Retail

Shopify’s Grand Retail Experiment

While the shift to the online space is often seen as the great game-changer in retail, Loren Padelford, vice president and general manager of Shopify Plus, said that the change is actually to something more fundamental.

“For the first 5,000 years of commerce, the merchant has been at the center. In the last five years, it’s flipped. The consumer is at the center,” Padelford said. “A lot of traditional merchants and retailers are struggling with that change. The entire model of retail has been put on its head. You now have to figure out a way to get your product in front of people who no longer come to your store. That’s a really tough change if you’re tied to legacy processes and capabilities.”

Founded in 2004, retail innovator Shopify offers a cloud-based, multichannel commerce platform that enables merchants to put the customer at the center by transacting with them across any of the channels they want to transact in. The company expanded its breadth with Shopify Plus, offering high-growth, high-volume merchants a cloud-based, fully hosted enterprise commerce platform without the limitations of legacy solutions.

From the start, Shopify has worked to enable retailers to sell. “Shopify was built to help entrepreneurs start and launch businesses,” Padelford said. “Shopify Plus started because our customers needed more help, and we wanted them to stay on Shopify. It also has now become a place for large brands, who might be using homegrown systems or legacy enterprise applications and now need to be a lot more nimble, powerful and connected. We deliver enterprise scale, reliability and confidence without the same cost curve, implementation curve and weight of the old platforms.”

The ability for companies to be more flexible has become even more essential in the past few years, Padelford said, as retail has moved into mobile and, more recently, social media channels. “Mobile has become an absolute for eCommerce,” Padelford said. “It used to be that, if you had a website that was responsive, that was enough. Now, you have to have custom-made mobile apps that are completely unique and designed for mobile. That has created a whole technology cycle just to support that. Now, we see most of our shopping and purchases on mobile devices.”

Shopify’s technological development is largely driven by customers ramping up demand for different channels. “If we get enough customers asking for that same thing, we start exploring that for channel development. Social media as a channel has recently become the most talked about. How do you sell on Facebook? How do you sell on Pinterest? How do you sell on Twitter? How do you sell on Snap or Insta?”

As of now, said Padelford, no one has a definitive answer on how to sell on social media. “That’s a huge experiment right now,” he said. “When you look at consumer behavior — I like the channel I’m on. If I’m on Facebook, it’s no longer really an option for a retailer to move me from Facebook. You have to deliver the ability to buy your products on Facebook. That’s a really different reality for merchants who are used to bringing consumers to their dot-com address. We’re experimenting a lot with those channels, trying to figure out how we do this in a way consumers like.”

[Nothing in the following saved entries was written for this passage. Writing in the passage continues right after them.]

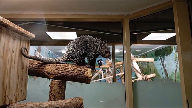 Цепкохвостые дикобразы. Один вышел посмотреть на посетителей, а другой спит в будке 16.12.2025
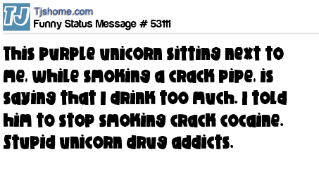 X This purple unicorn sitting next to me, while smoking a crack pipe, is saying that I drink too much. I told him to stop smoking crack cocaine. Stupid unicorn drug addicts.
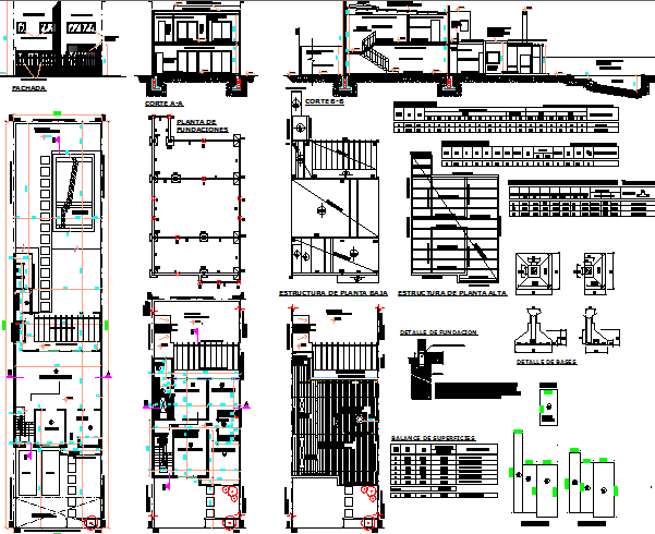 One family housing architecture project that includes a detailed view of elevation details, section details, structure details, constructive details, doors and windows view, main entry door, family hall, living room, kitchen, dining area, bedroom, staircase view, foundation plan details and much more of house project.
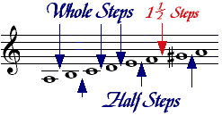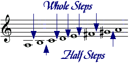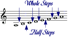 The smallest interval used in scales is a half step (or semitone). The next larger interval is a whole step, which is equal to two half steps. Using the natural notes, there are intervals of whole steps between C-D, D-E, F-G, G-A, A-B, and there are half steps between E-F and B-C. Return to the chapter on the Elements of Music Notation if this is unclear.
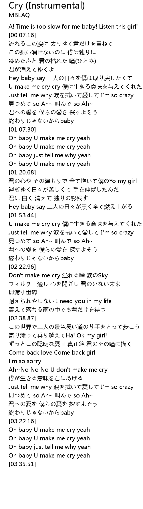| [02:52.86] | Ah No No No U don' t make me cry |
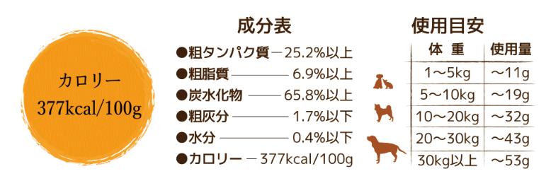 サクッと軽い質感に仕上げたノングルテンのフリーズドライクッキー お肉(レバー含む)を50%使用し、生地の素材にもこだわりました。 有機オートミール、国産米粉、豆乳を使用 小麦は使用せず、フリーズドライならではの旨味と香りをたっぷり閉じ込めたさっくり軽い食感 -------------------------------------- 【成分表】粗タンパク質25.2%以上 粗脂肪6.9%以上/ 炭水化物65.8%以上 粗灰分1.7%以下 水分0.4%以下 カロリー:377kcal/100g 国産
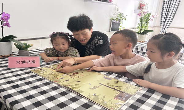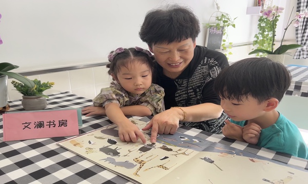 在幼儿阅读区,柔软的地垫上散落着色彩斑斓的绘本,老教师们正用夸张的语调与生动的手势演绎故事。退休返聘的虞老师手持《该回家了,小淘气》,引导孩子们用动作展示动物的特征,还不时俯身回应孩子们的奇思妙想,孩子们或依偎在老师身旁专注倾听,或指着画面互相交流,书房里的温馨氛围让阅读成为情感联结的纽带。
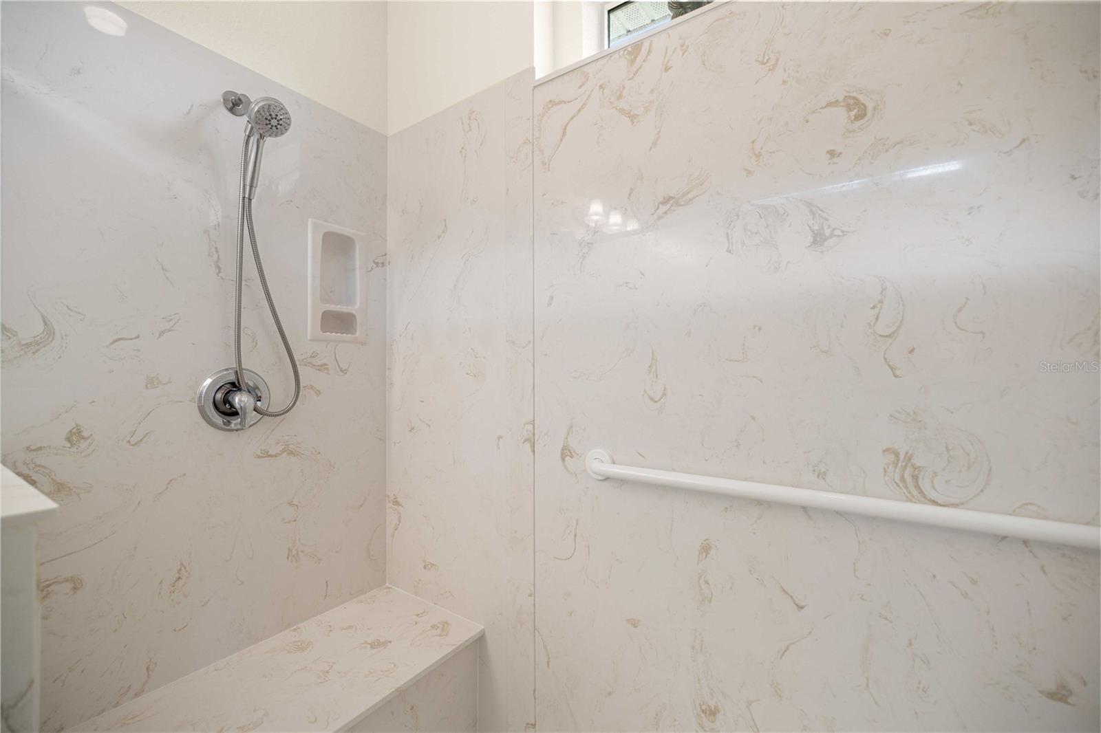 This charming HANOVER model offers three bedrooms and two bathrooms, Roof 2021, AC 2021, large kitchen equipped with beautiful CORIAN countertops, with added extra storage, perfect for the avid chef. Plantation shutters adorn the windows, adding a touch of elegance throughout the home. As you enter through the impressive double front doors with storm doors, you are greeted by a large foyer leading to the living area with engineered hardwood flooring. High ceilings create a spacious and airy ambiance. The master suite is a true retreat, featuring a double vanity and an expansive walk-in shower with two shower-heads and two seats, providing a spa-like experience. The guest bathroom is designed with convenience and comfort in mind, offering a shower-tub combo with a window above to let in natural light. Additional features include an inside laundry room for your convenience, attic stairs for extra storage space, and an enclosed lanai with pull-down sliders and tinted windows, perfect for enjoying Florida’s beautiful weather year-round. Step outside to the brick slab patio, ideal for grilling and entertaining in privacy. For your peace of mind, the home is equipped with a water softener system. Nestled in the sought-after Spruce Creek South community, residents enjoy access to a championship golf course, on-site dining, and a vibrant clubhouse filled with social events and activities. Whether you’re hitting the links, playing pickleball, or unwinding by the pool, this community offers the perfect blend of recreation and relaxation. Don't miss this opportunity to own a piece of paradise.
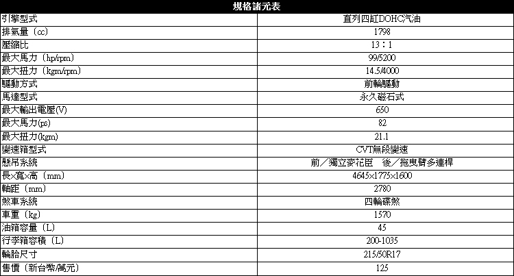 動力輸出數據上也是相同,1.8L引擎可輸出99hp/5200rpm最大馬力與14.5kgm/4000rpm最大扭力。馬達的最大馬力與最大扭力則分別為82hp與21.1kgm,整個系統的綜效最大馬力輸出則為136hp。不過為了讓車室有更寬敞的乘坐使用空間,驅動馬達所用的鋰電池組比較重量輕體積小,電池單元數為56Cells,配置於中央扶手的下方。
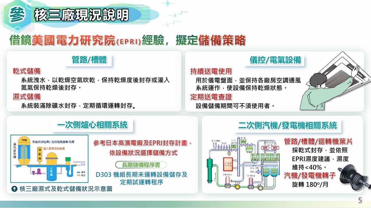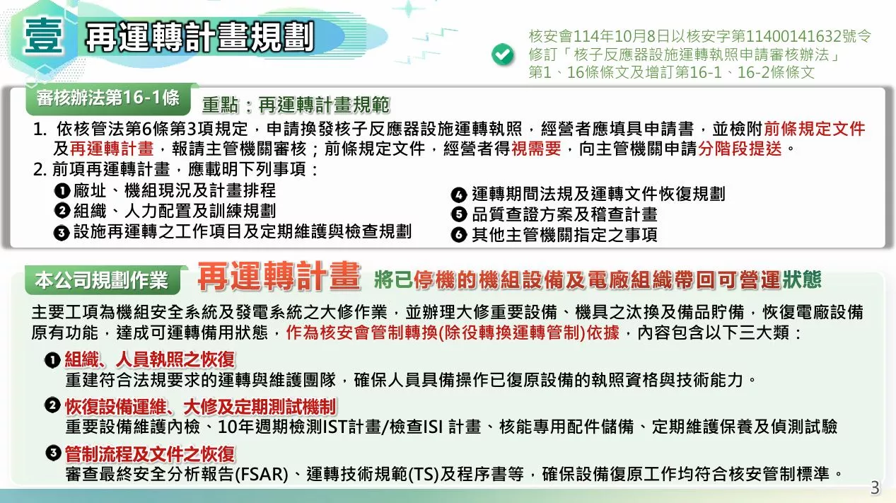 而有關部分與會人士提問,核三廠再運轉預估要花多少經費的問題,許永輝表示,依照國外經驗,設備更換會是支出占比最大的部分,等台電詳細確認完機組的狀況,會再對外說明。

What consumers like, meanwhile, has become harder to define. Experimentation has become the name of the game in the retail space. “What will allow [retailers] to be successful, to survive and thrive, is their ability to adapt to consumers who are becoming increasingly more fickle and harder to pin down,” said Padelford. “You used to not be able to experiment with your legacy application because it would take 12 months to do anything. Now, you can put up a new website, launch new brands, try a few things on the side, have mobile apps and do all these things in days. That gives so much more power to a retailer to be nimble.”

Experimentation isn’t limited to online retail, said Padelford. “Brick-and-mortar is going away … that’s patently false. People want experiences, whether it’s online or offline,” he said. “The question that brick-and-mortar retail has to answer is: How do I give someone an experience when they walk in my store that is as fast, friendly and ultimately as valuable as online? That’s where you see interesting retail experiments taking place.”

Padelford noted that brands like Nike have been experimenting with store-as-showroom concepts. Additionally, Padelford characterized the trends of flash sales and pop-up stores as retail trying to learn how to engage the customer base. “It’s all retail reinventing how it engages with a dynamic consumer,” he said. “A customer who wants a unique experience with a brand that’s novel — that isn’t just going to the same old store and seeing the same old things.”

“Whatever retail has done online related to eCommerce for the last 10 years has been great. Everyone should be really happy about where they got to,” Padelford said. “But almost all of that needs to be thrown out and rethought. We need to look at the next 50 years of what retail will look like. Brands need to tell better stories. They need to be better connected to their customers where their customers already are. They need to be more dynamic because there is more choice out there, and they need to do all that in a cost-effective way.”

Shopify plans to be there for merchants to lead the charge into the future of retail. “We’re seeing sharp opportunities for our customers,” said Padelford. “They look at us and see they can have access to unique channels, a powerful application, a partnership with someone built on new technology to help them move forward with way lest cost and less time required than ever before. Retail is now experimentation. If you’re going to survive, you need to be changing the model constantly to see what works now.”